Лишь только шаги старого слуги, ушедшего последним, замерли вдалеке на каменных плитах пола, дон Хуан поспешно запер дверь и, уверившись в том, что никого, кроме него, здесь нет, воскликнул:
— Попытаемся!
Тело Бартоломео покоилось на длинном столе. Чтобы спрятать от взоров отвратительный труп дряхлого и худого, как скелет, старика, бальзамировщики покрыли тело сукном, оставив открытой одну только голову. Это подобие мумии лежало посреди комнаты, и хоть мягкое сукно неявственно обрисовывало очертания тела, видно было, какое оно угловатое, жесткое и тощее. Лицо уже покрылось большими лиловатыми пятнами, напоминавшими о том, что необходимо поскорее закончить бальзамирование. Хотя дон Хуан и вооружен был скептицизмом, но он дрожал, откупоривая волшебный хрустальный сосуд. Когда он приблизился к голове, то был принужден передохнуть минуту, так как его лихорадило. Но его уже в эти юные годы до мозга костей развратили нравы беспутного двора; и вот размышления, достойные герцога Урбинского,{153} придали ему храбрости, поддержанной к тому же острым любопытством; казалось, что сам демон шепнул ему слова, отозвавшиеся в сердце: «Смочи ему глаз!» Он взял полотенце и, осторожно обмакнув самый кончик его в драгоценную жидкость, легонько провел им по правому веку трупа. Глаз открылся.
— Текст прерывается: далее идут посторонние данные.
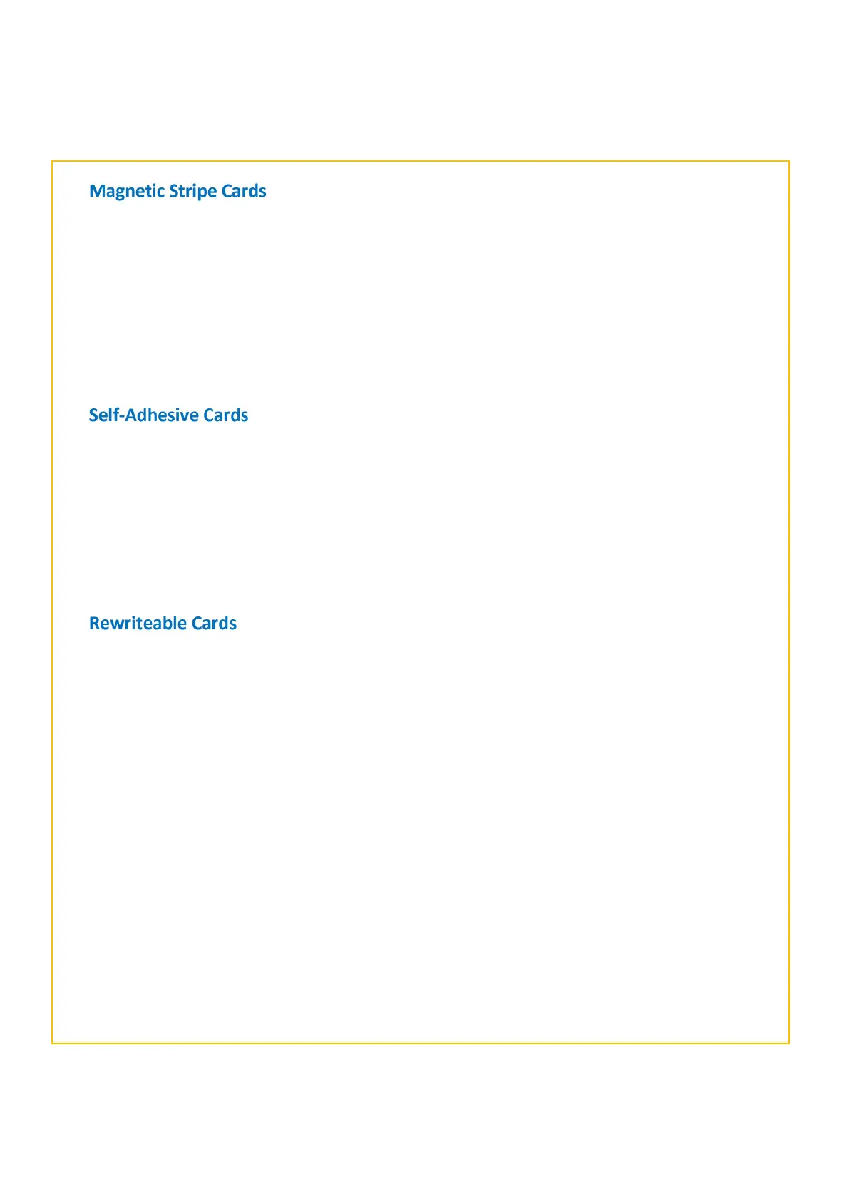 Rewriteable cards are identical to standard PVC cards in terms of physical size and thickness but differ in that

— Ага! — произнес дон Хуан, крепко сжимая в руке флакон, как мы во сне хватаемся за сук, поддерживающий нас над пропастью.
Он увидел глаз, ясный, как у ребенка, живой глаз мертвой головы, свет дрожал в нем среди свежей влаги; и, окаймленный прекрасными черными ресницами, он светился подобно тем одиноким огонькам, что зимним вечером видит путник в пустынном поле. Сверкающий глаз, казалось, готов был броситься на дон Хуана, он мыслил, обвинял, проклинал, угрожал, судил, говорил; он кричал, он впивался в дон Хуана. Он был обуреваем всеми страстями человеческими. Он выражал то нежнейшую мольбу, то царственный гнев, то любовь девушки, умоляющей палачей о помиловании, — словом, это был глубокий взгляд, который бросает людям человек, поднимаясь на последнюю ступеньку эшафота. Столько светилось жизни в этом обломке жизни, что дон Хуан в ужасе отступил; он прошелся по комнате, не смея взглянуть на глаз, видевшийся ему повсюду: на полу, на потолке и на стенных коврах. Всю комнату усеяли искры, полные огня, жизни, разума. Повсюду сверкали глаза и преследовали его, как затравленного зверя.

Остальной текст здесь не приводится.